Minks in Spanish breeding are infected with avian influenza, and potential cross-contamination

Minks in Spanish breeding are infected with avian influenza, and potential cross-contamination


NOS News

Avian influenza was diagnosed on a mink farm in northwest Spain last October. The researchers said the minks may have infected each other with the virus. This would be the first evidence that the current avian influenza virus can be transmitted from mammals to mammals.

Spanish and Italian researchers studied the prevalence of mink farming. Perhaps the reason for this was the food that the minks received, most often the leftovers of poultry food.
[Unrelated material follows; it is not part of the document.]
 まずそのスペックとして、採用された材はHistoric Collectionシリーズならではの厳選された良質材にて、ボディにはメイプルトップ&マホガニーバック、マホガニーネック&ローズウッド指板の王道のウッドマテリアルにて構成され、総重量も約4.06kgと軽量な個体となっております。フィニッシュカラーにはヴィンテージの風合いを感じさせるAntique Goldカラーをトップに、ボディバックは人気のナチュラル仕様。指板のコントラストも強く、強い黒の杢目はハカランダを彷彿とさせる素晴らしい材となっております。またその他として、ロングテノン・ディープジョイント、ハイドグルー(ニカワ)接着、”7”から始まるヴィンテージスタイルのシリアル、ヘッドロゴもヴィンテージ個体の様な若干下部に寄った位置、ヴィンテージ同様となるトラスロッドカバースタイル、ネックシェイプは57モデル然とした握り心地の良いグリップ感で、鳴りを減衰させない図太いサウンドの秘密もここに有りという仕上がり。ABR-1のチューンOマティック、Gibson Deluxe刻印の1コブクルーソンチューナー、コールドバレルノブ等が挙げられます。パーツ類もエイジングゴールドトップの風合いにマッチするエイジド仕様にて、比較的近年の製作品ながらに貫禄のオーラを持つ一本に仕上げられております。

It is also possible that minks in semi-open housing may have come into contact with wild seabirds infected with avian influenza.

The death rate among minks rose relatively high in a short period of time, reaching 4.3 percent per week. This means that at the peak breeding outbreak with 52,000 animals, more than 2,200 mink died. Examined dead animals often had severe pneumonia and a bloody snout.
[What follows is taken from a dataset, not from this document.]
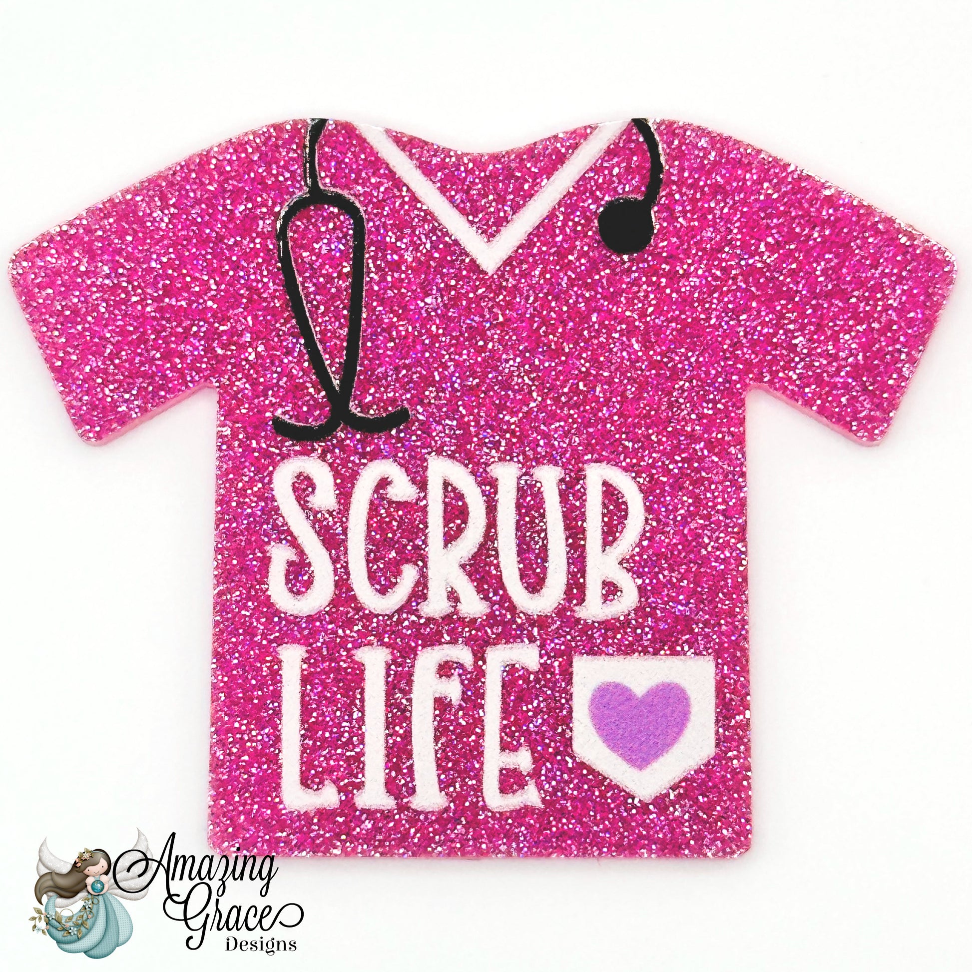 Embrace your calling with this sparkling "Pink Scrub Life" Badge Topper! This vibrant pink glitter scrub top features a stethoscope and "SCRUB LIFE" text with a heart detail. It's a durable acrylic charm that easily attaches to your ID with Velcro. Perfect for nurses and healthcare professionals! (Badge reel not included.)

According to the researchers, a high mortality rate is an important indicator of mink infection with each other. “It is unlikely that the contamination in all of those deaths resulted from feed or contact with wild seabirds,” says Thijs Kuiken, a virologist at Erasmus Medical Centre.


The researchers dare not conclude that the minks in Spanish breeding actually infected each other with the avian influenza virus. “They are awaiting further research from the laboratory, which, among other things, studies ferret-to-ferret avian influenza virus infection,” says Kuiken.
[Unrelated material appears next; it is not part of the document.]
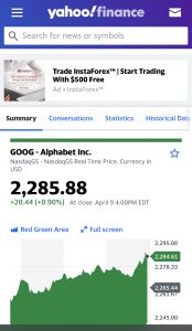 Alphabet stock is currently trading at $2285.88 with a yearly return on investment of 89%.

Ferrets are also haberdashery, and in terms of infection they are very similar to humans. How efficiently the virus is transmitted from ferret to ferret is a good measure of the efficiency with which the virus can be transmitted from human to human. The World Health Organization (WHO) describes that the chance of spreading from person to person is small.

However, there is a known case of a 9-year-old girl in Ecuador that were infected infected with avian influenza, possibly by poultry in her backyard.

Corona outbreak

Minks, like all mustelids, are susceptible to influenza viruses. Mink is kept for its fur, which is widely used in the fur industry.

Due to the outbreak of the Corona virus in the remaining mink farms in the Netherlands, these companies were closed more quickly in 2020. The ban on fur farming will not actually take effect until 2024.